→ **What you are asked to do**
Print exactly, and only, the lines from the one containing "造型动感流转的雕塑由5877" through the last line of the records below, both included; leave out the pictures.

-- Opening Marker --

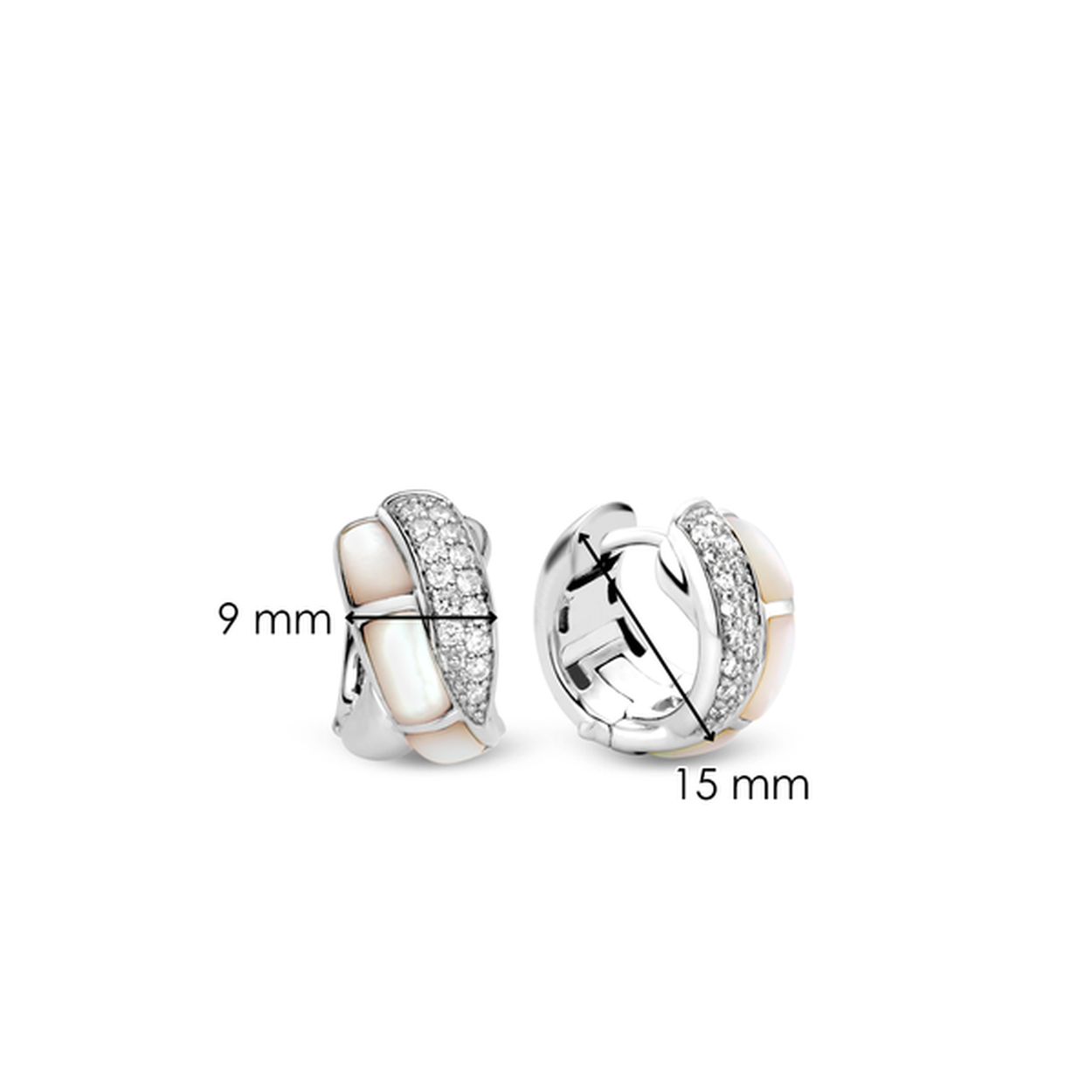 Parelmoer is al jaren een favoriet in de TI SENTO - Milano sieraden maar in deze oorbellen vernieuwd toegepast. De combinatie van parelmoer pav�gezet zirconia en gladgepolijst zilver komt goed tot zijn recht door het golvende patroon waarin het is verwerkt. De verschillende banden lijken over elkaar heen te golven. Zoals alle TI SENTO sieraden zijn de oorbellen gemaakt van gerhodineerd sterling zilver. De rhodiumlaag beschermt het zilver tegen natuurlijke verkleuring en geeft het een langdurige glans. In de TI SENTO collectie zijn verschillende bijpassende sieraden verkrijgbaar volgens het Mix & Match concept.
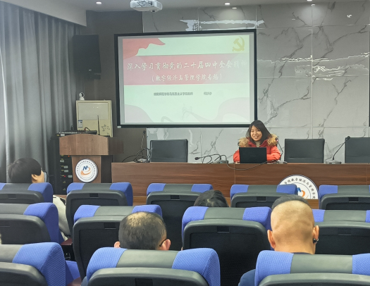 为深入学习宣传贯彻党的二十届四中全会精神和省委十二届八次全会精神,切实把全院教职工思想和行动统一到党中央和省委决策部署上来,1月8日,学院特邀学校党的二十届四中全会精神宣讲团成员、马克思主义学院教师何沙沙作专题宣讲报告。学院党政领导班子成员和全体教职工参加学习。
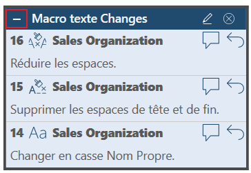 Il est possible de réduire et de développer les groupes de changements en cliquant sur les boutons Réduire
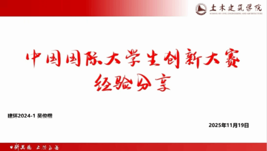 为积极推动双创教育,引导大学生在双创竞赛中提升自我,近日,我院在教九栋200会议室举办 “筑创大讲堂” 竞赛分享会,学院兼职团委副书记严安迪老师主持,中国国际大学生创新大赛(2025)总决赛国铜获奖团队负责人吴俊楷、第十九届“挑战杯”全国大学生课外学术科技作品竞赛国二获奖团队负责人张允担任主讲嘉宾,分享国赛夺奖经验、备赛历程与核心秘籍。
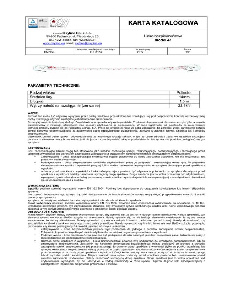 KARTA KATALOGOWA Importer Oxyline Sp. z o.o. 95-200 Pabianice, ul. Piłsudskiego 23 tel.: 42 2151068 fax: 42 2032031 www.oxyline.eu email: [email protected] Linka bezpieczeństwa model 41 Norma: Jednostka certyfikująca i kontrolująca: Nr katalogowy: Strona EN 354 CE 0159 CLX…… 1/2 PARAMETRY TECHNICZNE: Rodzaj włókna Średnica liny Długość Wytrzymałość na rozciąganie (zerwanie) Poliester 14mm 1,5 m 32,4kN WAŻNE Produkt ten może być używany wyłącznie przez osoby właściwie przeszkolone lub znajdujące się pod bezpośrednią kontrolą wzrokową takiej osoby. Przed jego użyciem niezbędne jest odpowiednie przeszkolenie. Przeczytaj uważnie instrukcję obsługi. Przedstawia ona sposoby używania produktu. Producent dopuszcza użytkowanie sprzętu tylko w sposób przedstawiony w instrukcji, jakiekolwiek inne sposoby użytkowania są niedozwolone: W razie wątpliwości lub problemów ze zrozumieniem instrukcji prosimy zwrócić się do Productos Climax, S.A, Prace na wysokości niosą ze sobą zagrożenie dla zdrowia i życia. Użytkownik sprzętu ponosi całkowitą odpowiedzialność za zapewnienie sobie odpowiedniego przeszkolenia, zarówno w zakresie technik działania jak i środków bezpieczeństwa. Użytkownik ponosi pełne ryzyko i odpowiedzialność za wszelkiego rodzaju szkody, w tym za utratę zdrowia i życia, we wszelkich sytuacjach podczas użytkowania naszych produktów, jeśli nie jest on w stanie ponieść takiej odpowiedzialności lub ryzyka, nie powinien posługiwać się tym sprzętem. ZASTOSOWANIA Linki zabezpieczające Climax mogą być stosowane jako składnik osobistego sprzętu zatrzymującego, podtrzymującego i chroniącego przed upadkiem z wysokości pod warunkiem użytkowania w połączeniu z urządzeniem samohamownym lub amortyzatorem bezpieczeństwa. Zatrzymywanie - Linka zabezpieczająca uniemożliwia dojście pracownika do strefy zagrożenia upadkiem. Nie ma możliwości, aby pracownik upadł z wysokości. Podtrzymywanie - Linka bezpieczeństwa umożliwia użytkownikowi pracę „w podparciu", pozostawiając wolne ręce. W przypadku niebezpieczeństwa upadku z wysokości powyżej 0,5 m można zastosować w połączeniu ze sprzętem chroniącym przed upadkiem z wysokości. ochrona przed upadkiem z wysokości - Linka zabezpieczająca powinna być używana w połączeniu ze sprzętem chroniącym przed upadkiem z wysokości. Należy oszacować wymaganą drogę spadania. Droga spadania jest to wolna przestrzeń pod użytkownikiem, wymagana, by nie uderzył on o żadną przeszkodę w razie upadku. Łączna długość linki zabezpieczającej z amortyzatorem i łącznikami nie powinna przekraczać 2 metrów. WYMAGANIA SYSTEMU Łączniki powinny spełniać wymagania normy EN 362:2004. Powinny być dopasowane do urządzenia kotwiczącego lub innych składników systemu. Nie używać niedopasowanego sprzętu. Łączniki niedopasowane do innych składników sprzętu mogą ulegać przypadkowemu otwarciu. Łączniki powinny być zgodne ze sprzętem pod względem wielkości, kształtu i wytrzymałości, niezależnie od kierunku spadania. Punkt kotwiczący powinien spełniać wymagania normy EN 795:1986. Powinien mieć odpowiednią wytrzymałość na obciążenia (> 10 kN). Urządzenie kotwiczące powinno być zainstalowane starannie, aby zmniejszyć ryzyko swobodnego upadku oraz ruchu wahadłowego podczas spadania, a tym samym zmniejszyć ryzyko uderzenia o jakikolwiek obiekt podczas upadku. OBSŁUGA I UŻYTKOWANIE Przed każdym użyciem należy dokładnie skontrolować sprzęt, aby upewnić się, że jest on w dobrym stanie technicznym. Należy sprawdzić, czy elementy sprzętu nie noszą śladów zużycia lub uszkodzenia. Należy upewnić się, że nie brakuje elementów metalowych, że są one dobrze zamocowane, że nie są odkształcone. Należy sprawdzić, czy nie ma ostrych krawędzi, zadziorów, rys ani korozji. Należy skontrolować, czy zatrzaski lub karabinki z zamkiem automatycznym działają prawidłowo. Należy sprawdzić, czy lina lub taśma nie nosi śladów zużycia, przecięcia, przypalenia, czy nie ma postrzępionych krawędzi, pęknięć lub innych uszkodzeń. Zatrzymywanie - Linka bezpieczeństwa powinna być podłączona do jednego z punktów zaczepienia szelek bezpieczeństwa. Połączenie to powinno zapobiegać dojściu użytkownika do miejsca zagrożonego upadkiem z wysokości. Podtrzymywanie - Linka bezpieczeństwa powinna być podłączona do obu bocznych punktów zaczepienia pasa. Zabrania się pracy z linką podłączoną do jednego punktu zaczepienia pasa. Ochrona przed upadkiem z wysokości - Linka bezpieczeństwa powinna być podłączona do urządzenia samohamownego lub do amortyzatora bezpieczeństwa. Zatrzaśnik lub karabinek amortyzatora bezpieczeństwa należy podłączyć do jednego z punktów zaczepienia szelek bezpieczeństwa (A) przeznaczonego do ochrony przed upadkiem z wysokości (tylko do punktu przedniego lub tylnego), Amortyzator bezpieczeństwa należy podłączyć w części z pakietem absorbera do punktu zaczepienia szelek bezpieczeństwa przeznaczonego do ochrony przed upadkiem z wysokości. Drugi koniec amortyzatora należy podłączyć do urządzenia kotwiczącego lub do łącznika punktu kotwiczenia. Miejsce zakotwiczenia sytemu ochrony przed upadkiem powinno być umiejscowione ponad punktem zaczepienia użytkownika. Należy oszacować wymaganą drogę spadania, Droga spadania jest to wolna przestrzeń pod użytkownikiem, wymagana, by nie uderzył on o żadną przeszkodę w razie upadku. Łączna długość linki zabezpieczającej z amortyzatorem i łącznikami nie powinna przekraczać 2 metrów. Importer Oxyline Sp. z o.o. 95-200 Pabianice, ul. Piłsudskiego 23 tel.: 42 2151068 fax: 42 2032031 www.oxyline.eu email: [email protected] Linka bezpieczeństwa model 41 Norma: Jednostka certyfikująca i kontrolująca: Nr katalogowy: Strona EN 354 CE 0159 CLX…… 2/2 OKRES UŻYTKOWANIA Teoretycznie okres uż
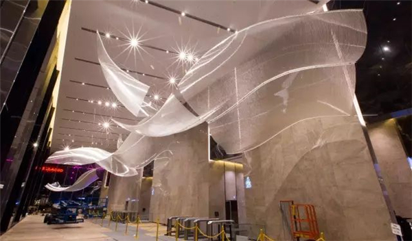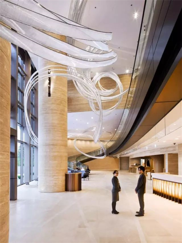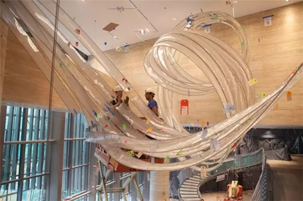 造型动感流转的雕塑由58775个小柔性硅硼玻璃组成,长达200英尺,极为巧妙的利用了大厅窄而高的空间,同时又和其它要素形成充满张力的关系。
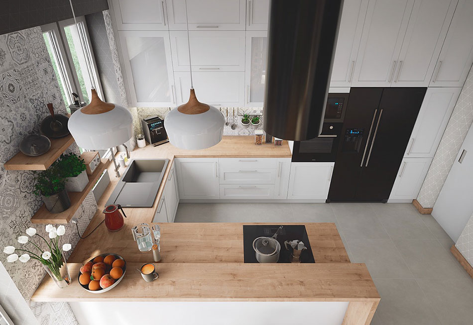 U-shape kitchens can be adapted to fit both small and large kitchen spaces. The layout is flexible and can be customized with additional features such as a breakfast bar, an island, or extra storage options.
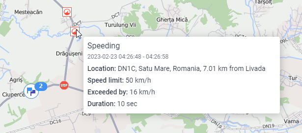 | Excès de vitesse | Heure de début (heure de réception du premier message avec une valeur de vitesse supérieure à la valeur autorisée) et heure de fin, durée, localisation, limitation de vitesse telle que spécifiée dans les propriétés de l'unité, valeur de dépassement de la vitesse. |
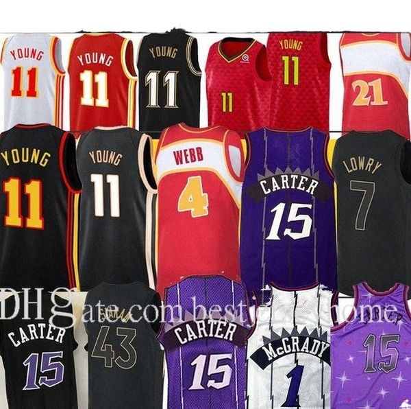 spud 4 webb vince 15 carter retro tracy 1 mcgrady basketball jersey men trae 11 young jerseys new basketball jerseys size s-2xl 43hz#, Black;red
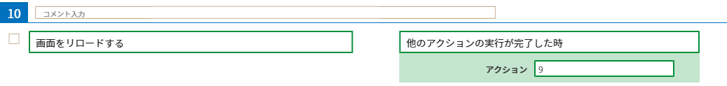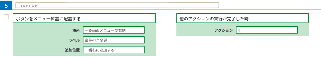 やること「ボタンをメニュー位置に配置する」、条件「他のアクションの実行が完了した時」を用います。
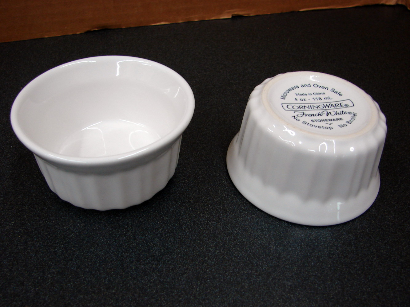 Corning Ware French White Bake Microwave Serve and Store. This set includes two 4 oz Ramekins, perfect for sauce and dips also. Free from damage. Many more options in this style also available.
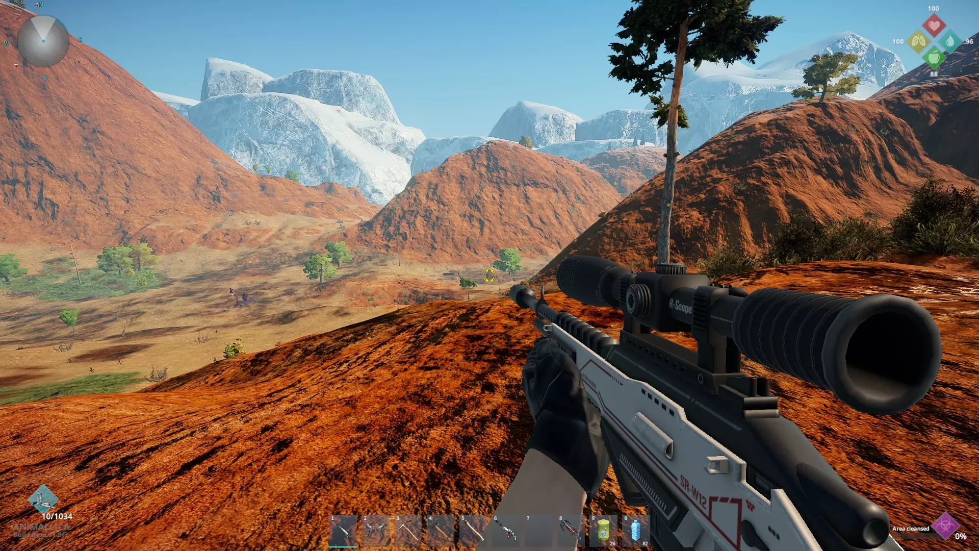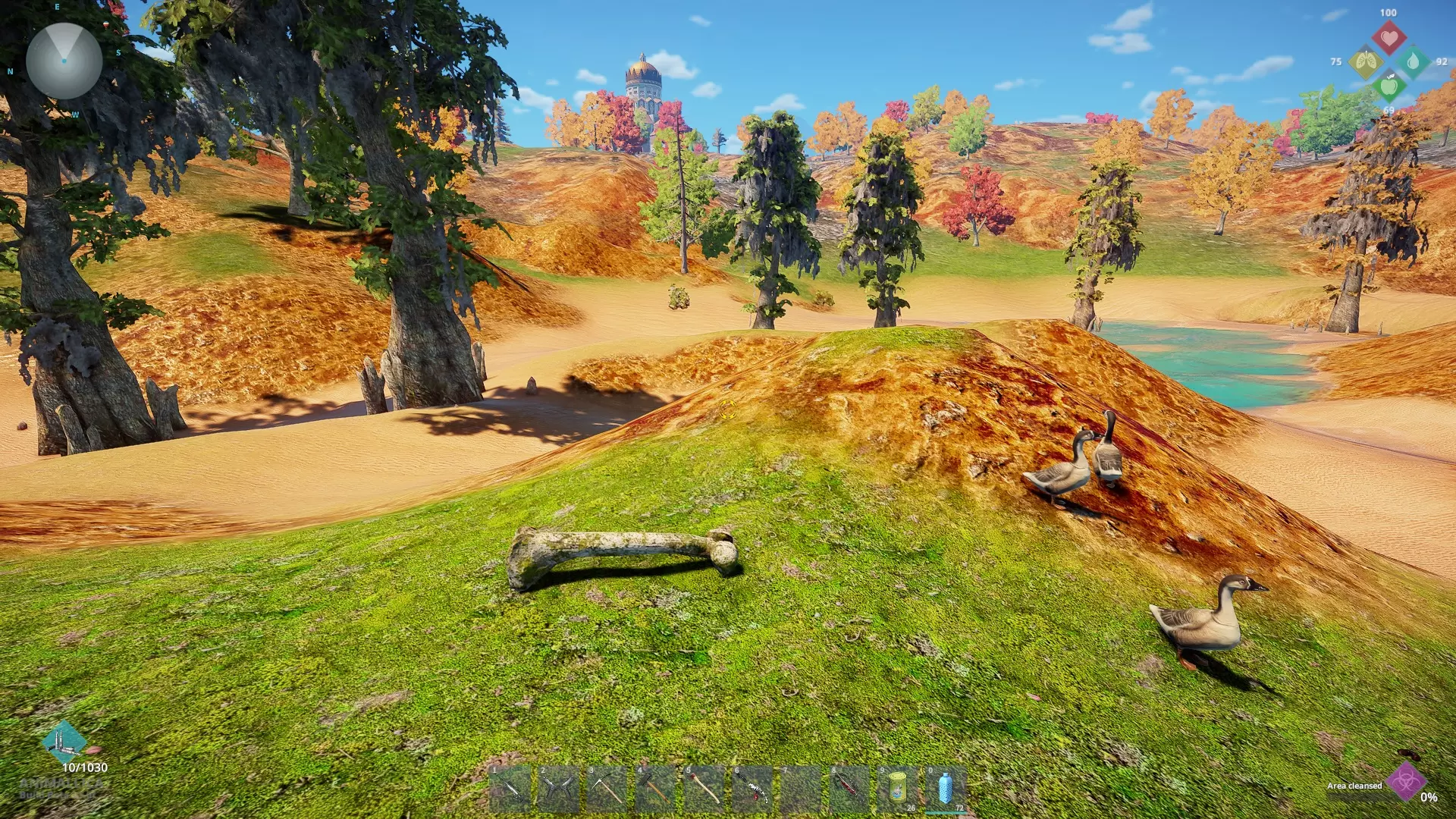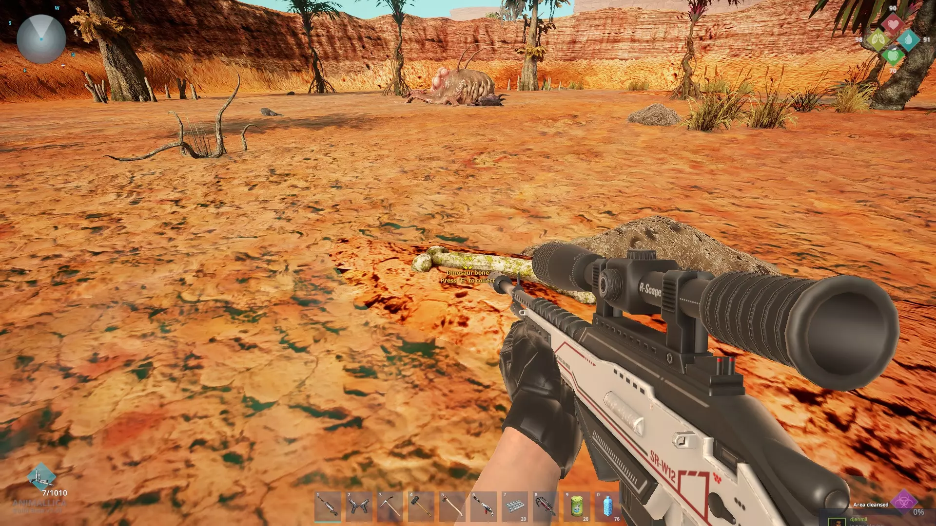 解决掉它们之后,骨头就躺在水中的一个小土堆上(如果你看不清楚,就在步枪的瞄准点位置)。为了方便参考,变异体生成器被保留了下来,哈哈。
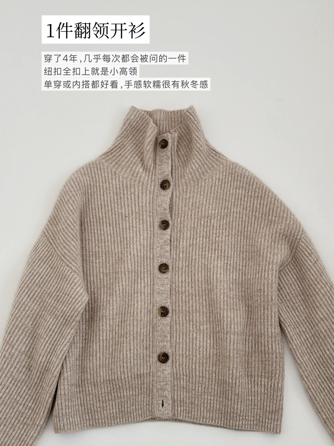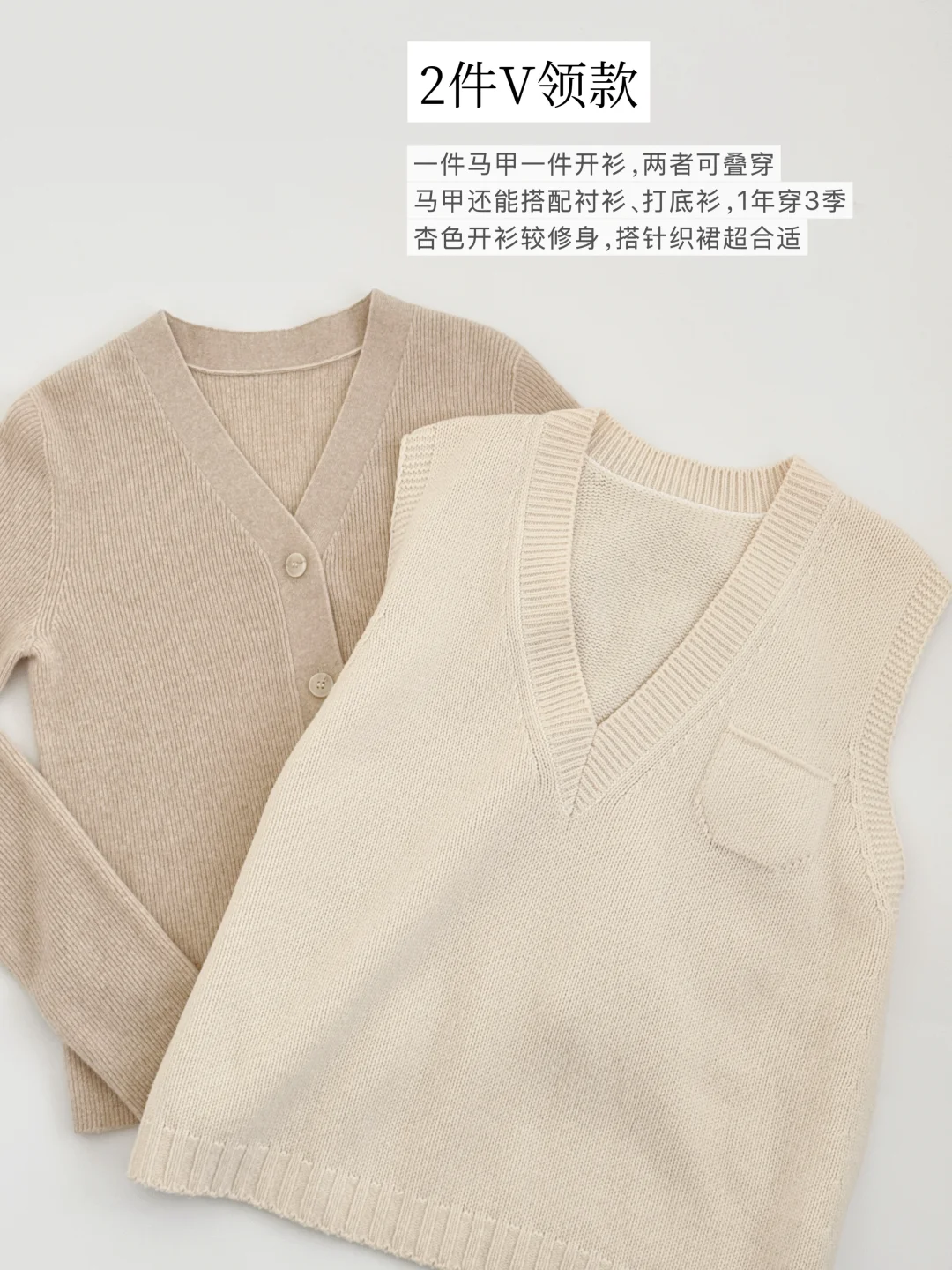 款式可以丰富化,像经典的圆领、V领、翻领都是实穿好搭的,开衫和马甲能一年穿3季,利用率非常高。

-- Closing Marker --

→ **Expected answer**
 造型动感流转的雕塑由58775个小柔性硅硼玻璃组成,长达200英尺,极为巧妙的利用了大厅窄而高的空间,同时又和其它要素形成充满张力的关系。
 U-shape kitchens can be adapted to fit both small and large kitchen spaces. The layout is flexible and can be customized with additional features such as a breakfast bar, an island, or extra storage options.
 | Excès de vitesse | Heure de début (heure de réception du premier message avec une valeur de vitesse supérieure à la valeur autorisée) et heure de fin, durée, localisation, limitation de vitesse telle que spécifiée dans les propriétés de l'unité, valeur de dépassement de la vitesse. |
 spud 4 webb vince 15 carter retro tracy 1 mcgrady basketball jersey men trae 11 young jerseys new basketball jerseys size s-2xl 43hz#, Black;red
 やること「ボタンをメニュー位置に配置する」、条件「他のアクションの実行が完了した時」を用います。
 Corning Ware French White Bake Microwave Serve and Store. This set includes two 4 oz Ramekins, perfect for sauce and dips also. Free from damage. Many more options in this style also available.
 解决掉它们之后,骨头就躺在水中的一个小土堆上(如果你看不清楚,就在步枪的瞄准点位置)。为了方便参考,变异体生成器被保留了下来,哈哈。
 款式可以丰富化,像经典的圆领、V领、翻领都是实穿好搭的,开衫和马甲能一年穿3季,利用率非常高。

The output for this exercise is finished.